A thought came into my mind as I was writing this, what if I didn't dirt the tank, added smaller gravel (still with some bigger accenting stones for asthetics, and heavier stones along the anacharis), but then add a bunch of Malaysian trumpet snails to clean up the waste? Would that work? I heard that loaches eat snails, but I think they meant pond snails and ramhorns that do not have a flap to cover the shell opening. But even then, I think the snails would be able to reproduce fast enough from being wiped out. Don't you think?


----------



## Michael (Jul 20, 2010)

"Walstad" is the only one of these terms that has a real definition, because of Diana's book. The rest (El Natural, low-tech, natural planted tank) have much looser meanings and are often used interchangeably.

Large gravel (pea-sized and up) actually requires more vacuuming because the larger spaces allow even more debris to settle into the gravel, rather than staying on top where the filter (or simple siphoning) will remove them. A thin layer of fine gravel or sand would not need to be vacuumed very often if at all. Malayan trumpet snails help to keep the substrate aerated, but can't cope with large amounts of waste.

If you want to use a soil substrate, I suggest layering it as in a typical Walstad tank, then planting with large tough-leaved plants with very strong root systems (swords, crinums, some water lilies, large cryptocorynes). Start out with very young, small fish and hope the plant root systems can grow them. This approach could also work with an all-gravel substrate and liberal use of root tabs.


----------



## dwalstad (Apr 14, 2006)

Michael said:


> Having the emersed plants in the riparium will help tremendously with water quality. And the anubias and Java fern will have plenty of nutrients from the water column and should do fine if you decide to omit the soil


I agree with Michael. The riparium will do the heavy lifting for taking up nitrogen, but ferns and anubias would be nice for this tank. I had one very pretty tank with just lava rocks and attached_ H. bolbitus_. There are so many beautiful plants that don't require a soil substrate.

One advanced hobbyist I know didn't want to mess with a soil substrate for his 75 gal. He used sheets of plastic mesh, the type used for needle point available at craft stores. He attached the ferns to the mesh, laid horizontally and raised slightly above the bottom glass. The plants eventually covered the bottom of the tank. He also had floating plants- Water Sprite. This tank did so well that he had Corys spawning in the tank, mainly in the rhizomes/plastic mesh substrate.

If you use Hang-on-the-Back filters, don't let the water level get too low such that there's a lot of splashing from the "waterfall." Too much splashing/aeration removes CO2 from the system.


----------



## hoppycalif (Apr 7, 2005)

A Walstad tank will have a natural soil substrate, and it will be maintained as she outlines in her book. That method works well because all of the method works together. When you make changes in her method you can't expect to get her results, unless you totally understand every aspect of it, and know your changes are compatible.

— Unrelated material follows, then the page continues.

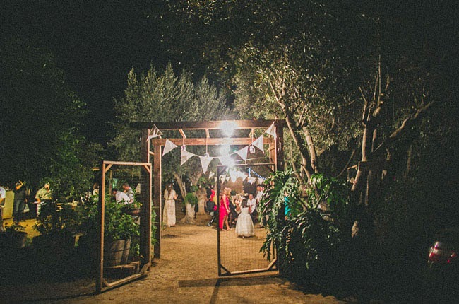 La cena se celebro en un pequeño restaurante del Valle de Guadalupe llamado Restaurante Familia Samarin, donde los invitados cenaron Pizza y mariscos frescos debajo de los coloridos banderines hechos a mano, colgados en los olivos que rodeaban la mesa de estilo imperial que habían elegido los novios, para poder disfrutar todos juntos de la celebración.

There are other low light, thus low maintenance, methods. Following one of those methods might work out better for what you are trying.


----------



## Paradise fish (Aug 27, 2017)

Micheal, 
Your post never cease to be intriguing. I didn't know that bigger gravel will result in more debris build up. I'll definitely tweek my plan to use smaller gravel then. Wouldn't sand be dangerous for goldfish? I feel like sand would be more easier to accidentally swallow.


----------



## Paradise fish (Aug 27, 2017)

Diana Walstad, 
First of all, thank you for reading this plan of mine and hello! I really enjoy your method of fish keeping! 
I'm glad that you also believe that this plan may work! I'll be sure to heavily plant the amphibious planters to make sure they do most of the nitrogen uptake. 
Plastic mesh?? I've never heard of that before, but now I'm really interested on how it works! Could you please post some pictures of it or link me to it? I'd like to know exactly what he did. Would you put dirt under the mesh and attach to the bottom of the tank with suction cups, then add the gravel on top of it? If not, would that work?
Will I be needing to keep my CO2 in check? I didn't know, because I read on the aquarium wiki (about the Walstad method, because to this day, I still don't have a copy of your book and I'm trying to save up my money to do so) that the most limiting factor in fish stocking was the amount of oxygen. And I heard that goldfish are high oxygen needing, high CO2 producing fish, and dojo loaches can breath atmospheric oxygen but give off CO2 in the water. Wouldn't the plants in the tank (seems like it'll be anacharis, Java fern and anubias) not need much CO2 other than from the fishes? And the floating plants (water sprite, frogbit, and duckweed) as well as the marsh plants would be using the CO2 from the air, so I just thought having more splashing would be great. But, hey, you're the expert here (literally!), so I'm just asking for the explanation. I can do less hang on back filters or even internal ones. I'll be keeping the water level just a few inches from the rim. I'll maybe even try to attach some moss to the outtake of the filter to decrease splashing, if I need to.


----------



## Paradise fish (Aug 27, 2017)

hoppycalif, 
I do understand that my plan isn't consistent with the traditional Walstad method, and I do not expect its results. Therefore the reason why I decided to name it "El Natural" instead of "Walstad". Unless those terms are completely interchangeable. If that's the case I'll be sure to name it something else. Maybe, "El Natural Inspired Goldfish Tank"? 
Thanks for the info about the low tech plan. I'll be sure to keep your plan in mine if this plan doesn't workout.


----------



## dwalstad (Apr 14, 2006)

Any tank that uses plants to purify the water for fish and doesn't have CO2 injection is an NPT in my eyes. This means tanks with potted plants, which I am currently using to raise guppies, or those that use a plant sump or refugium to purify water for the main tank. I would be honored to have them called Walstad tanks, but I'm not going to start splitting hairs here or get into word taxonomy. 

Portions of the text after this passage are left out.